1
votes

In WordCloud on Python I would like to merge two languages ​​into one picture (English, Arabic) but I was unable to add the Arabic language as you see a squares instead of words and when I call the Arabic_reshaper library and make it read the csv file It shows me the Arabic language and make the English language as a squares

    wordcloud = WordCloud(
                          collocations = False,
                          width=1600, height=800,
                          background_color='white',
                          stopwords=stopwords,
                          max_words=150,
                          random_state=42,
                          #font_path='/Users/mac/b.TTF'
                         ).generate(' '.join(df['body_new']))
print(wordcloud)
plt.figure(figsize=(9,8))
fig = plt.figure(1)
plt.imshow(wordcloud)
plt.axis('off')
plt.show()

see her a put two languages ,but see a squares instead of words arabic enter image description here

a wont like this max two languages

enter image description here

1
You need to pick the right font.

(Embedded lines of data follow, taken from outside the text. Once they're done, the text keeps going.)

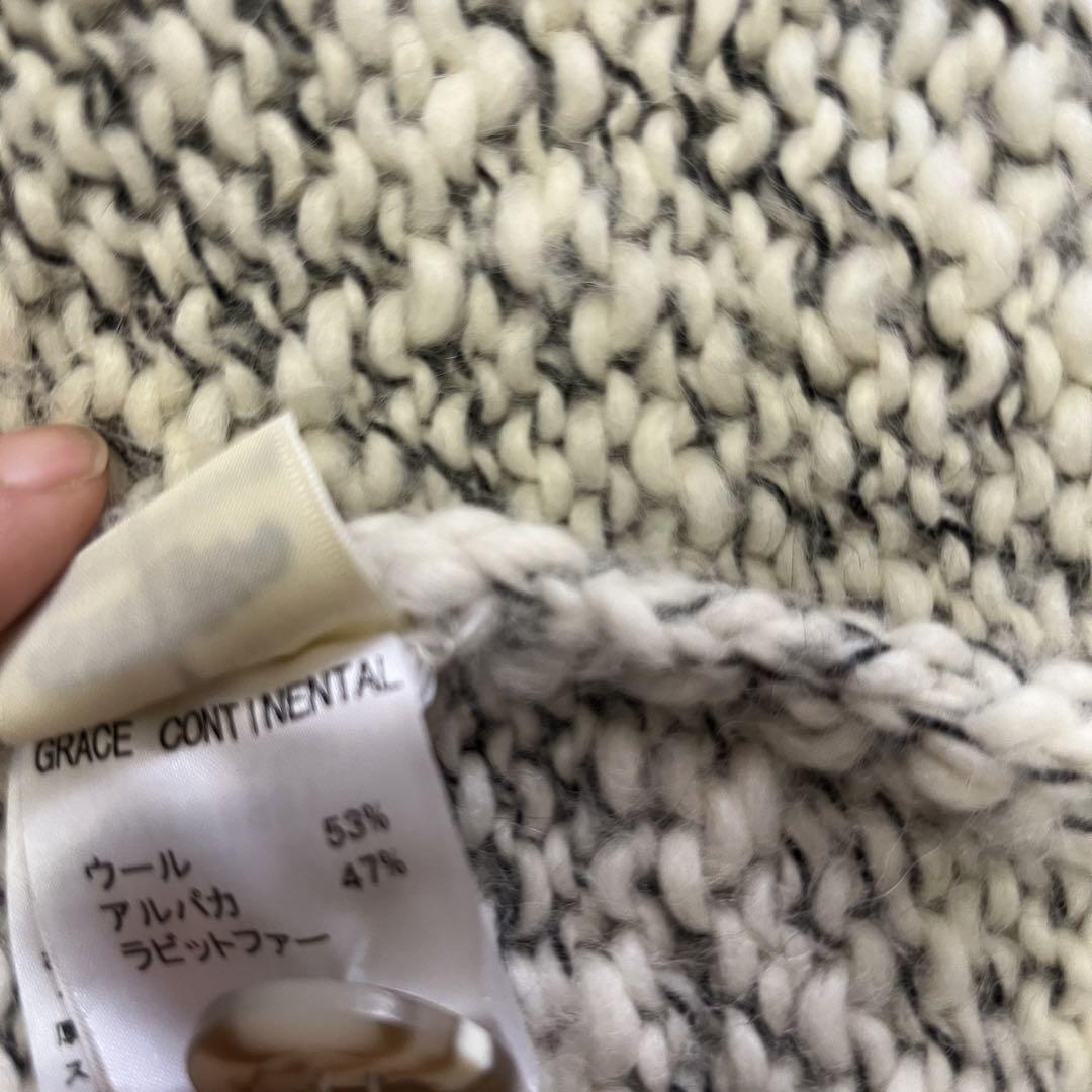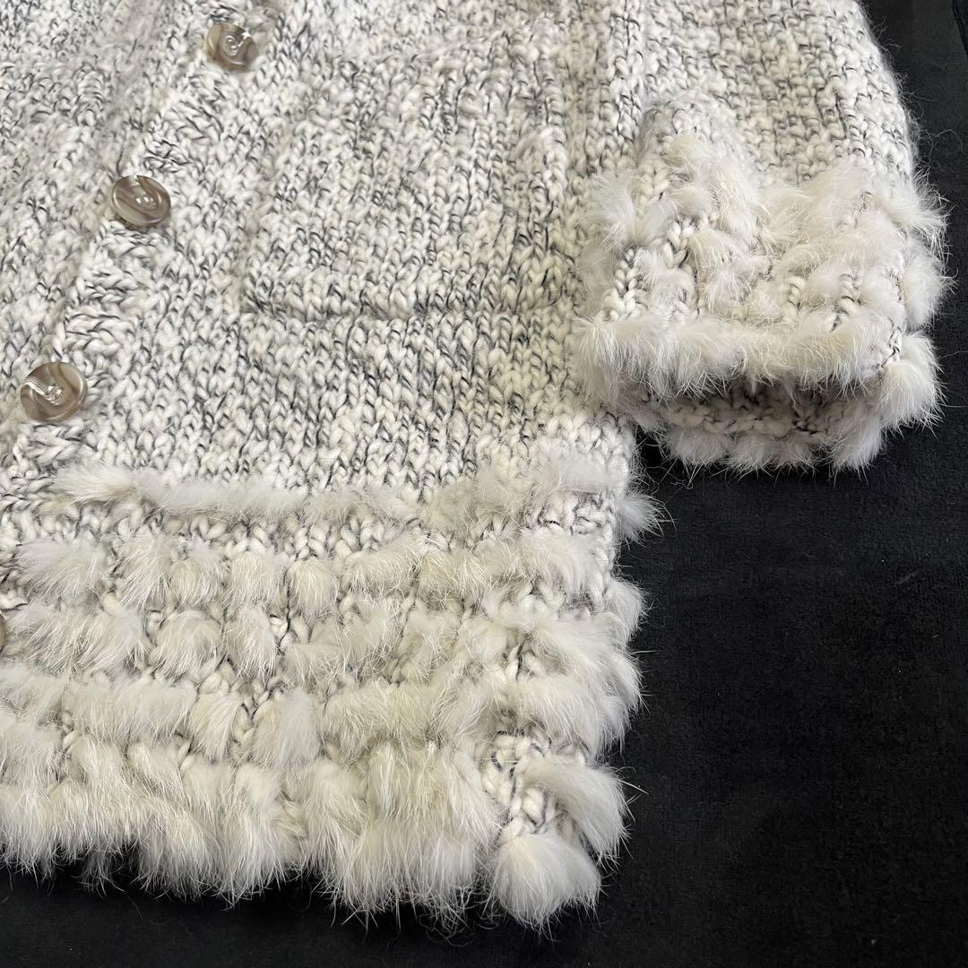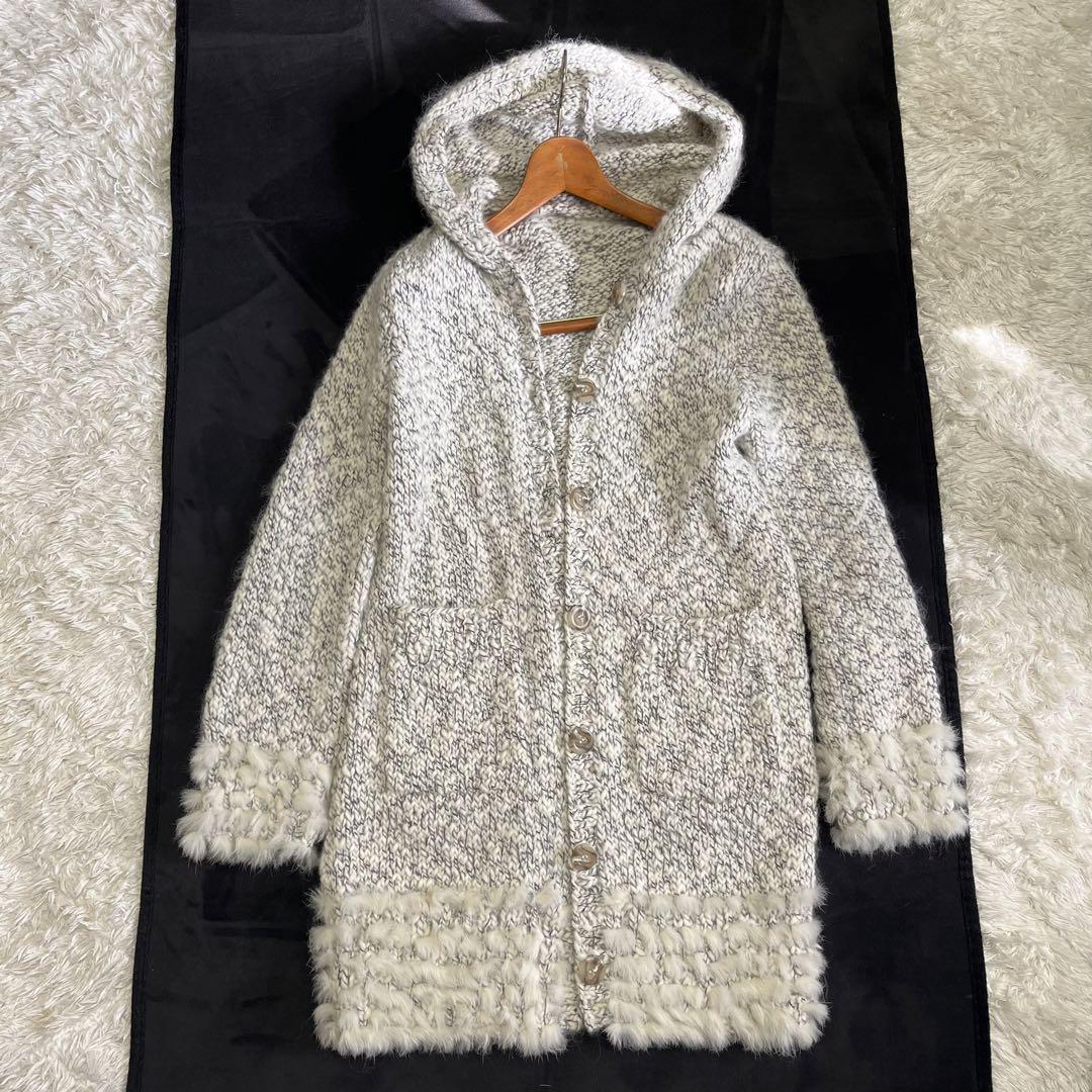 アルパカ47%のもこふわの極太毛糸で編んだミックス生地が使われ、裾周りそで周りには、ラビットファーが編み込まれております。
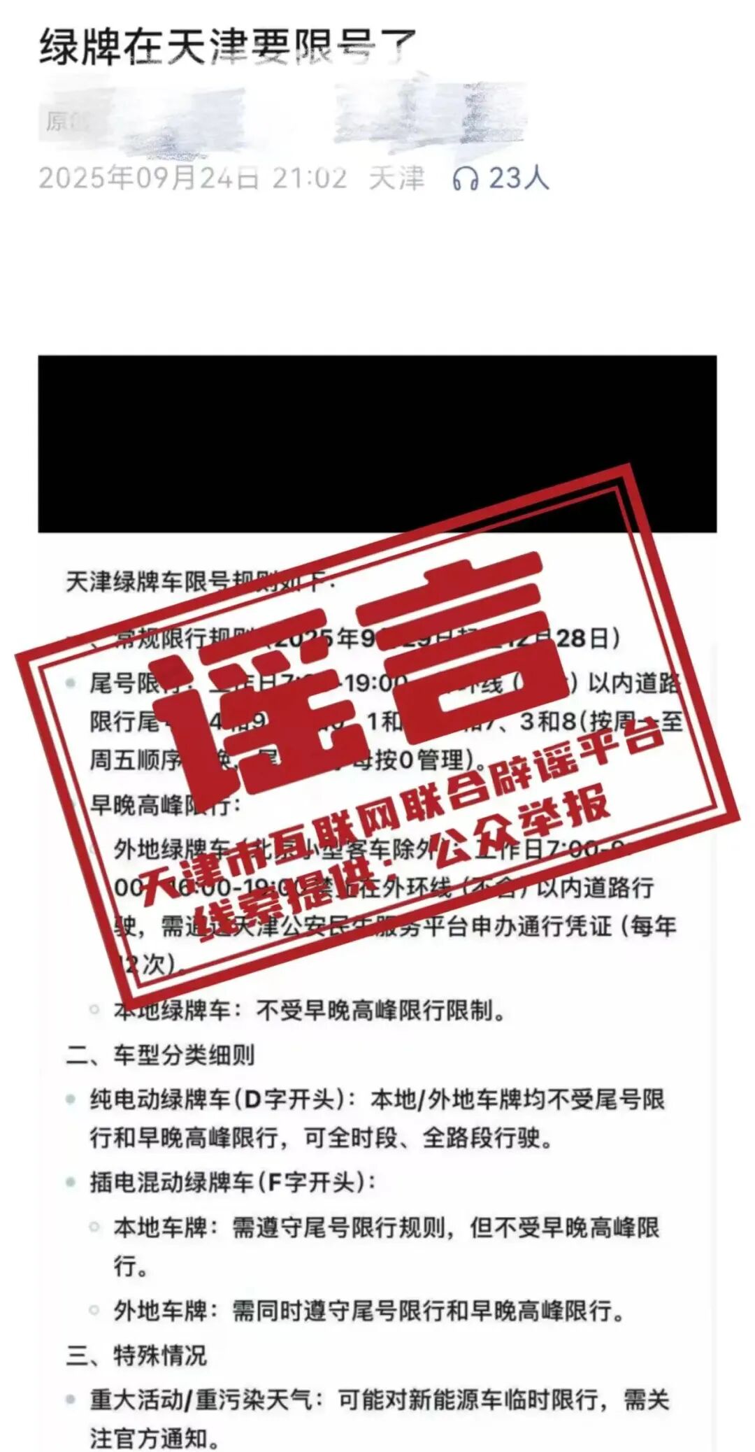 经向天津市公安交管部门核实,相关内容均为不实信息,按照2025年3月21日天津市公安局发布的《关于继续实施机动车限行交通管理措施的通告》,新能源小客车(以车辆登记信息为准)不受机动车尾号及外埠、区域号牌小客车高峰限行措施限制。
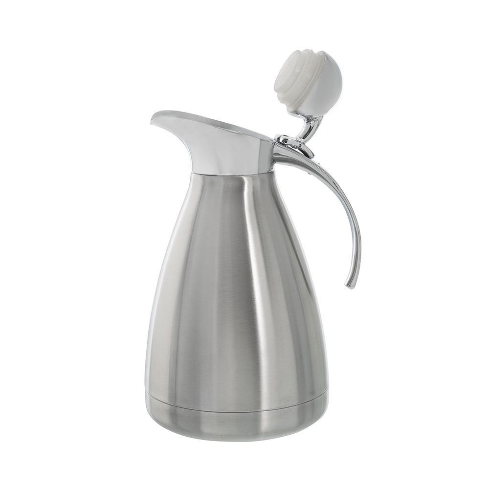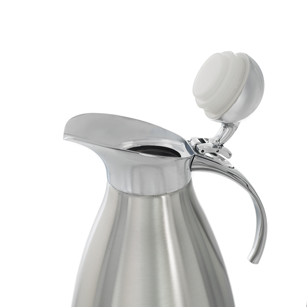 Термостойкий кувшин отличается стильным и практичным дизайном, с легко открывающейся крышкой в виде рычага и элегантным изливом. Он идеально подходит для сервировки чая, кофе и других напитков на столах.

See github.com/amueller/word_cloud/pull/315mhalshehri
I saw this link before and it did not work for me, I have a very large file and it is not like here in a simple wayrima ebrahim

1 Answers

0
votes

I've been struggling with the same problem for a while now and the best way to deal with it is the generate_from_frequencies() function. You also need a proper font for Arabic. 'Shorooq' will work fine and available online for free. Here is a quick fix to your code:

from arabic_reshaper import arabic_reshaper
from bidi.algorithm import get_display
from nltk.corpus import stopwords
from itertools import islice


text = " ".join(line for lines in df['body_new'])
stop_ar = stopwords.words('arabic') 
# add more stop words here like numbers, special characters, etc. It should be customized for your project

top_words = {}
words = text.split()
for w in words:
    if w in stop_ar:
        continue
    else:
        if w not in top_words:
            top_words[w] = 1
        else:
            top_words[w] +=1

# Sort the dictionary of the most frequent words
top_words = {k: v for k, v in sorted(top_words.items(), key=lambda item: item[1], reverse = True)}

# select the first 150 most frequent words
def take(n, iterable):
    "Return first n items of the iterable as a list"
    return list(islice(iterable, n))
for_wc = take(150, top_words.items())

# you need to reshape your words to be shown properly and turn the result into a dictionary
dic_data = {}
for t in for_wc:
    r = arabic_reshaper.reshape(t[0]) # connect Arabic letters
    bdt = get_display(r) # right to left
    dic_data[bdt] = t[1] 

# Plot
wc = WordCloud(background_color="white", width=1600, height=800,max_words=400, font_path='fonts/Shoroq.ttf').generate_from_frequencies(dic_data)
plt.figure(figsize=(16,8))
plt.imshow(wc, interpolation='bilinear')
plt.axis("off")
plt.show()

Important:

get_display() or reshape() might give you error. It is because there is a weird character in your text that these functions are unable to deal with. However finding it should not be so difficult as you only use 150 words to display in your plot. Find it and add it to your Stop Words and rerun the code.